NASHUA – The spruce tree that 9-year-old Jimmy Gallagher has been circling with his bike for six years is gone. The Parks and Recreation Department came to his dad’s house to chop it down and haul it away.

Jimmy didn’t want it to be cut down, but Hailey, his 13-year-old sister, couldn’t wait to tell her friends. The tree that used to be in her front yard is now featured in the center of downtown.

On Tuesday morning, a crew from Pioneer Tree Service and the parks department moved the Gallaghers’ 50-foot tree from their home at 3 Berkshire Road to Railroad Square. Their spruce was chosen to be the city’s Christmas tree for the 2004 holiday season.

The tree will be decorated this week.

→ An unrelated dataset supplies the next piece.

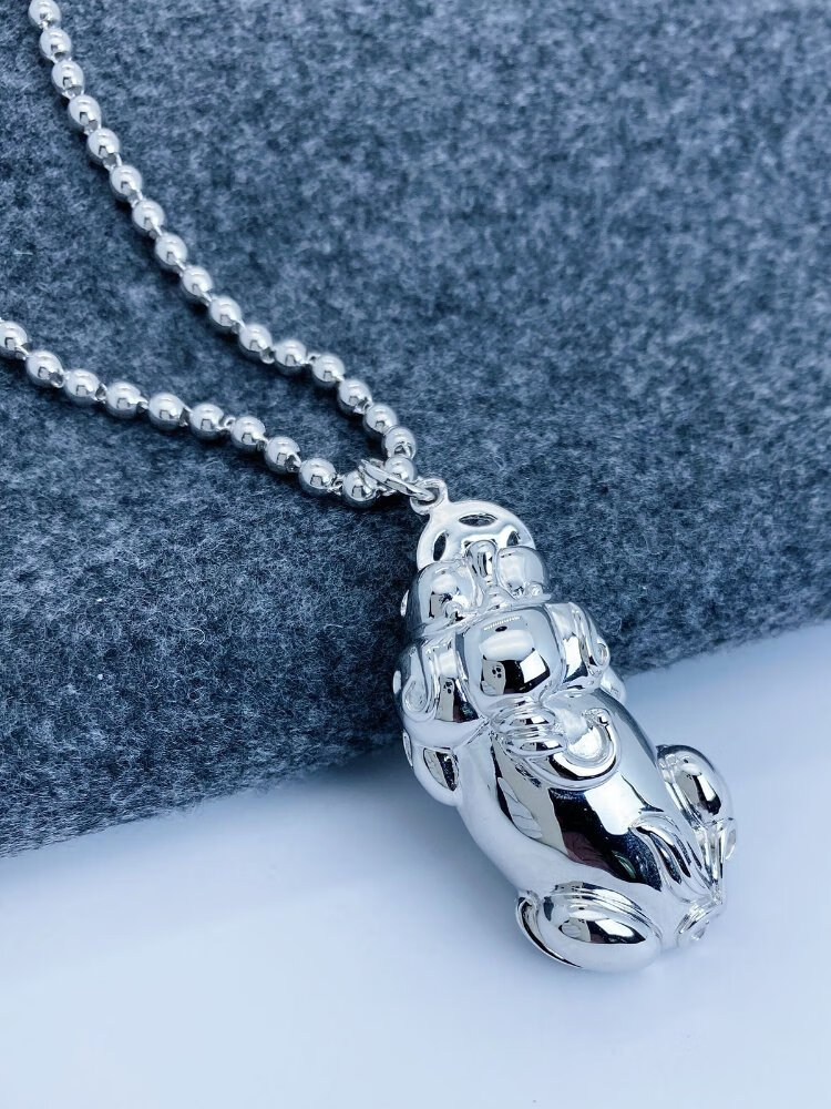 Heye Jewelry Bright Blind Pixiu Pendant Platinum pt950 High-end Men's Platinum Tag Men's Model Lucky Money 29.49g Width 24mm Buckle Height 55mm With Leather Cord

The public lighting ceremony will be held during the annual Downtown Nashua Winter Holiday Stroll on Nov. 27.

Hailey said she always goes to the stroll with her friend who lives near Main Street, but will enjoy it more this year than ever before.

“This year it will be fun because that is my tree,” Hailey said, pointing at the spruce, which was suspended in the air by a crane in front of her house at 9 a.m.

The city has been relocating trees from Nashua homes to Railroad Square for the holiday season for about a decade, said parks department foreman Victor Delisle. Until the new Citizens Bank opened on Main Street, the city also used to move a tree to the open lot across from City Hall.

Nick Caggiano, superintendent of parks, said he had calls from at least six people this year who were willing to donate a tree from their yard.

“It was tough because the first four or five weren’t that great,” Caggiano said.

The department looks for a spruce that is full, has a straight trunk, and is even all the way around, said foreman Mark Faulkner, although it is sometimes difficult to find one that is just right.

Delisle, Caggiano and Faulkner all agreed the Gallaghers’ spruce was at least one of the nicest, if not the nicest, trees donated over the years.

“It’s one of the best trees we’ve had in the years I’ve been doing this,” Faulkner said.

James Gallagher, who donated the tree, also thought it was beautiful. However, he also thought it was time for the tree to go. It was almost 60 feet tall and blocked sunlight from reaching his yard and his neighbor’s yard. Because the tree was so large, Gallagher said, he had trouble growing grass, and the people next door struggled to keep their annual garden alive.

Donating the tree worked out for both the neighborhood and the city he’s lived in his entire life, Gallagher said.

Gallagher and his children followed their spruce to Railroad Square around 9:30 a.m. to see it placed in Deschenes Oval. Sawdust was flying as Pioneer Tree Service and parks department employees shaved the bottom of the tree with a chain saw so it would fit into a pre-made 5-foot hole.

“It smells like Christmas,” Hailey said, sipping hot chocolate and watching the bark fall to the ground. “Right now I don’t normally start celebrating Christmas, but now it’s like, OK, it’s coming soon.”